▶ _Problem description_:
Where pictures appear, omit them, and copy exactly only the lines from the start of the listing through the line containing "日本抹茶碗 日本志野烧直筒型抹茶碗 日本名家三木念山制志野烧抹茶碗,带原装供箱", both included.
━━━ Supplied material ━━━
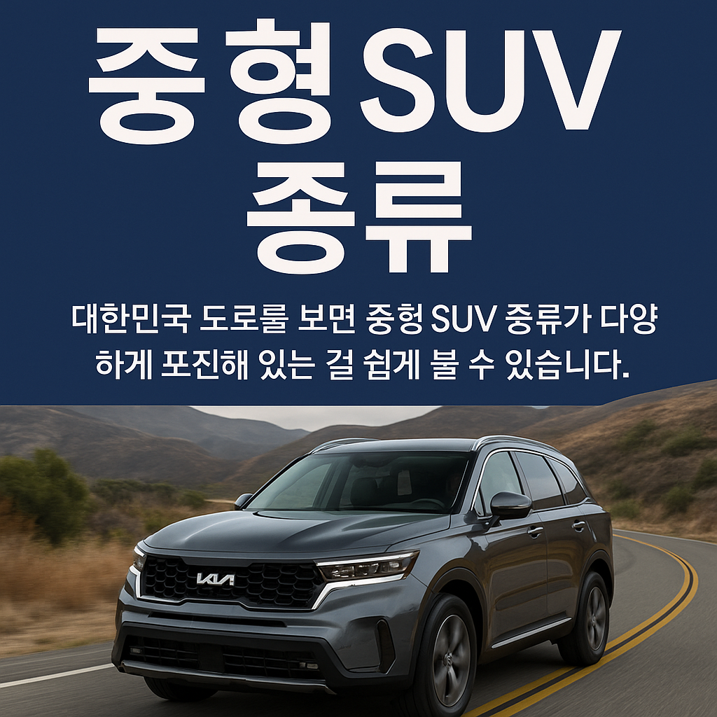 그럼 이제 본격적으로 2025년 기준, 국내에서 선택 가능한 국산/수입 중형 SUV 종류를 살펴보겠습니다.
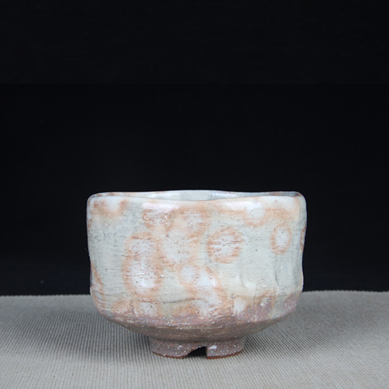 日本抹茶碗 日本志野烧直筒型抹茶碗 日本名家三木念山制志野烧抹茶碗,带原装供箱
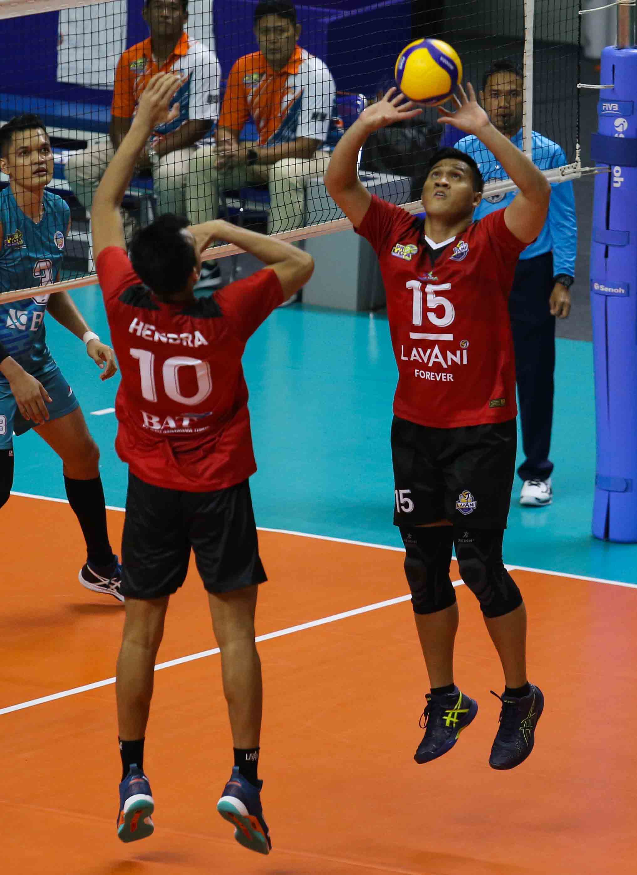 Dio Zulfikri (15) pemain bola voli Bogor Lavani memberikan umpan bola kepada rekannya. Bogor Lavani berhasil menang dari tim bola voli putra Jakarta BNI 46 dengan skor 3-1 (25-17, 21-25, 25-15, 25-16) pada Pertandingan Proliga 2022 putaran pertama yang berlangsung di GOR Padepokan Voli Jenderal Polisi Kunarto, Sentul, Minggu (23/1/2022). (Foto : Erly Bahtiar/Sportsmoment.id),,
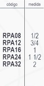 | Codigo | RPA08 1/2, RPA12 3/4, RPA16 1, RPA24 1.1/2, RPA32 2 |
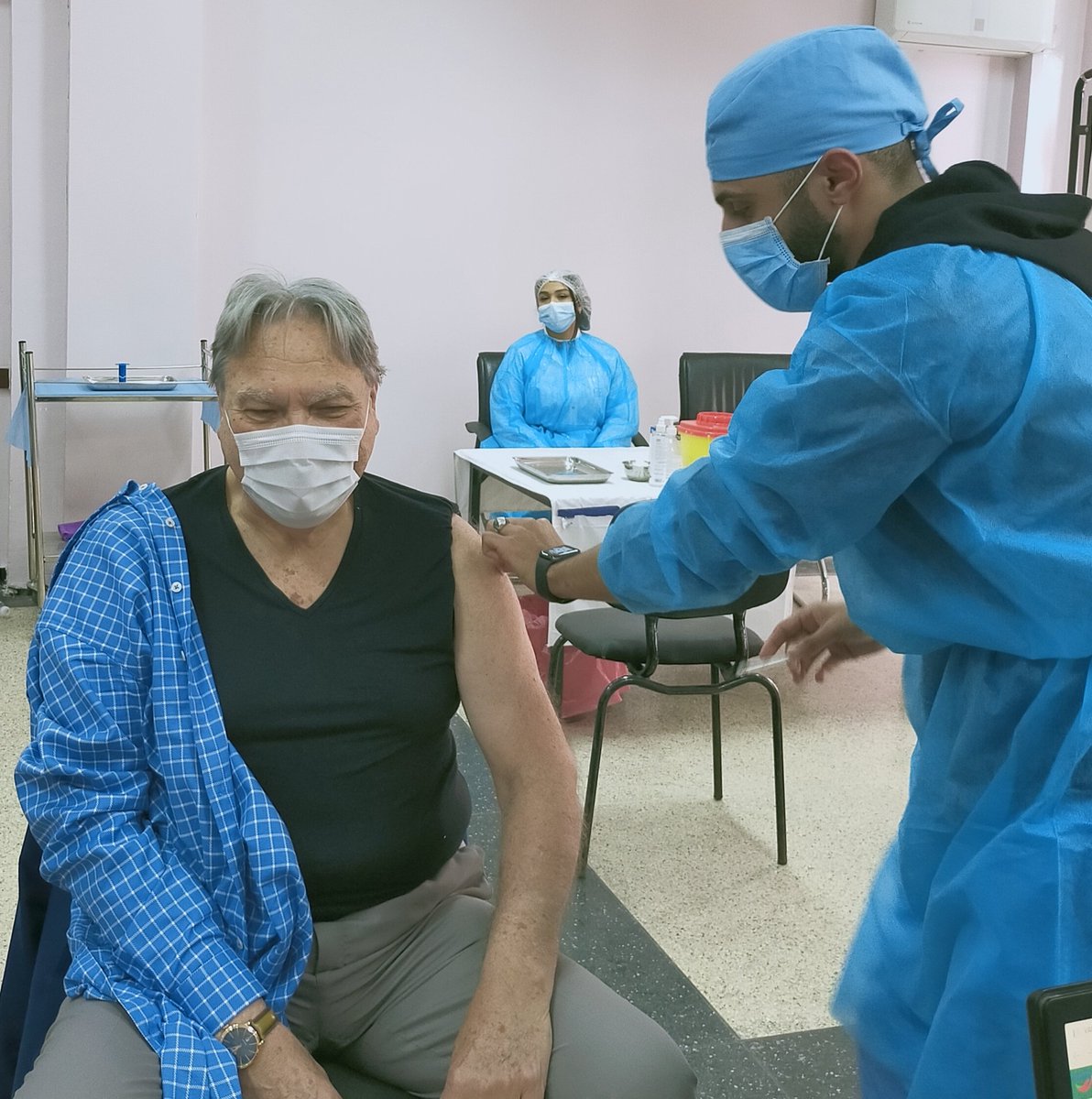 Lino Bacco reçoit sa 2e dose d’AstraZeneca à Casablanca et félicite le personnel médical pour leur travail.
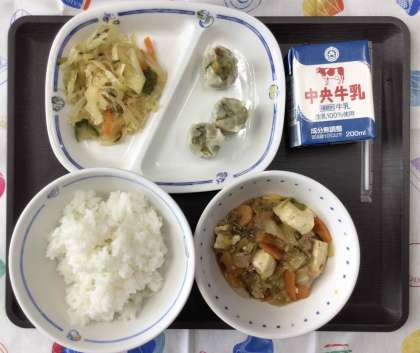 4/19 今日の給食 公開日 2024/04/19 更新日 2024/04/19 各学年から 今日の献立は、豆腐の中華煮、拌三絲(バンサンスー)、野菜入り焼売、ごはん、牛乳、でした。エネルギー:805kcal
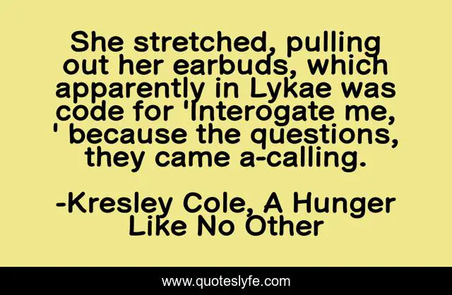 This page presents the quote "She stretched, pulling out her earbuds, which apparently in Lykae was code for 'Interogate me, ' because the questions, they came a-calling.". Author of this quote is Kresley Cole, A Hunger Like No Other. This quote is about funny, comedy, kresley-cole, lykae,.
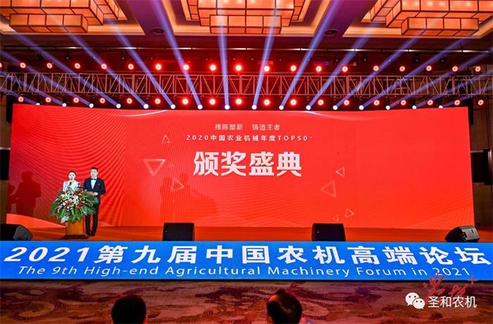 河北圣和農業(yè)機械有限公司榮獲2020中國農業(yè)機械年度TOP50+最具影響力自主品牌“金禾獎”,河北圣和農業(yè)機械有限公司營銷管理中心總經理郭廣彥上臺領獎。
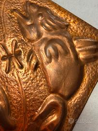 Targa in rame con pesci a rilievo simbolo d’armonia e prosperità. Misure: cm.8x8
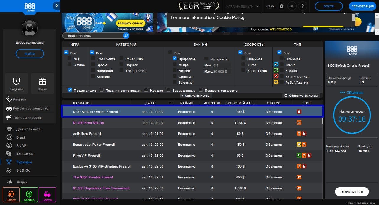 🔥 Сегодня, 9 августа в 18:00 МСК на 888poker стартует бесплатный турнир с призовым фондом $100. Вкратце пройдёмся по ключевой инфе:
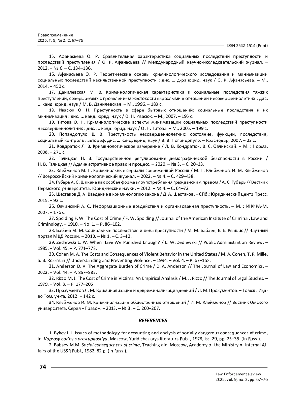28. Бабаев М. М. Социальные последствия и цена преступности / М. М. Бабаев, В. Е. Квашис // Научный портал МВД России. - 2010. - № 1. - С. 3-12.
━━━
▶ _Solution_:
 그럼 이제 본격적으로 2025년 기준, 국내에서 선택 가능한 국산/수입 중형 SUV 종류를 살펴보겠습니다.
 日本抹茶碗 日本志野烧直筒型抹茶碗 日本名家三木念山制志野烧抹茶碗,带原装供箱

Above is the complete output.